Tarde de otoño

Difícil afirmar si estaban allí juntos para hablar o para beber, también fumaban, sin poder distinguirlos al completo puesto que a la mayoría los ocultaba la marquesina del aparcamiento bajo la que confraternizaban, un par de ellos de espaldas a la luz gestualizando o con el vaso en la mano. En el capó de un coche oscuro más vasos y una botella en el suelo, a las nueve de la noche de un templado día de otoño en el que probablemente hay muchas otras cosas que hacer que beber en medio de ningún sitio, aunque tal vez lo que cuenta es estar un rato con los colegas, de ese modo olvidas las preocupaciones y ocupaciones a las que deberías atender pero con las que no tienes ganas de lidiar, a un paso del todo esto es una mierda y no tener otra cosa que llevarte a la boca.

Vestían de oscuro, de cualquier modo, prendas cómodas y económicas que cumplen a la perfección el hecho de tener que cubrirse, además de por el frio porque no vas a ir en pelotas por la calle, sin que ninguno de ellos destacase, tampoco ella, o ellas, difícil de advertir en un fondo de sombras, tan solo las voces. Sin levantar el tono, sin malos rollos, enfados ni sentencias, advertencias o amenazas. Perfectamente adaptados al lugar que la sociedad previamente les ha asignado, no porque ellos lo hayan elegido, sino porque desde que vinieron a este mundo sus aspiraciones aguardaban escritas en un sobre sellado sobre el que no tendrían potestad; quedaba asumir el papel y tirar para adelante.
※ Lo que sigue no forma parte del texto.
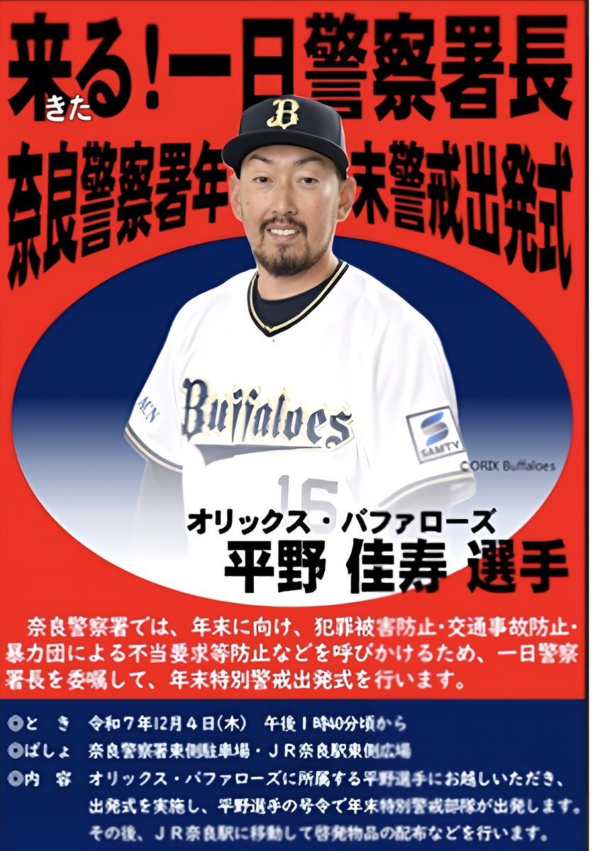 じゃあ奈良警察署の所長は一日平野佳寿かあ… ヒヤヒヤしなさそう

Hablaban de no llegar a final de mes, de los hijos, concebidos sin pasión, solo sexo, un convencimiento tardío o mayormente porque ella sí quería tenerlos e insistió; a ellos en cierto modo les daba igual, no lo tenían muy claro -no tenían nada claro. Ocurre que si no tienes para ti tampoco tendrás para los críos -aunque si quieres tenerlos, ¿por qué no?-; estaban los padres, que siempre tienen algo con qué ayudar, o al menos cuidarlos y alimentarlos cuando ellos no estén o no puedan, que suele ser la generalidad.

No acababan de entender cómo fulanita colgaba constantemente en las redes todo lo que hacían, los regalos de sus hija, las comidas, los viajes de fin de semana, el coche… Porque con 950 al mes tampoco se está para tirar cohetes, yo no llego para los tres; y ella no gana más, serán sus padres, pero jode, parece que te estuviera echando en cara que eres un inútil. Yo sin mis padres no podría, me quedaría a medias. No sé cómo lo hace. Entre el coche, la luz y el agua y las cuatro cosas para comer a mí no me da para mucho más. Ya. Si mis padres no se llevaran al crío después del colegio no podría pagar las facturas, es imposible…

Hablaban y bebían, indistintamente, como si estar vivos fuera precisamente eso, charlar con los colegas de cómo te va -ni mal ni bien. El trabajo funciona lo que funciona; aunque ahora estoy cobrando la ayuda familiar. La afirmación causaba menos revuelo que comprensión, tampoco ira o indignación, ni expectativas, más resignación si cabe, ni fuerzas ni ganas de despotricar contra quien quiera que tuviera la culpa; o es que directamente no había nombres ni culpables, los mismos de siempre, o sea, nadie, como de costumbre, igual que estaban allí. Se volvía a rellenar el vaso o se tiraba directamente de botella, según. Rondarían la treintena, poco más, o menos.

Transcurría la noche bajo aquella marquesina de un centro de enseñanza cerrado a cal y canto, un buen lugar para departir cuando no hay otra cosa mejor que hacer, tampoco volver a casa, donde toca enfrentarse a lo que hay que enfrentarse, y para eso como que no hay muchas ganas. Hasta que llegue la hora o cuando la conversación se agote, o alguien afirme tener prisa porque en el fondo no debería estar allí, hablando de lo que no se puede cambiar, de lo que hay, de no disponer, o disponer de poco, casi nada; también sin fuerzas o ganas para quejarse, el destino -pero eso tan complicado del destino les pillaba lejos, no les hacía falta. Es cierto que la situación sonaba a irremediable sin que diera para futuro, o uno tan oscuro como una noche sin luna; ya irían viendo. Al menos no andaban de médicos, lo que faltaba, entonces sí que estás muerto en vida.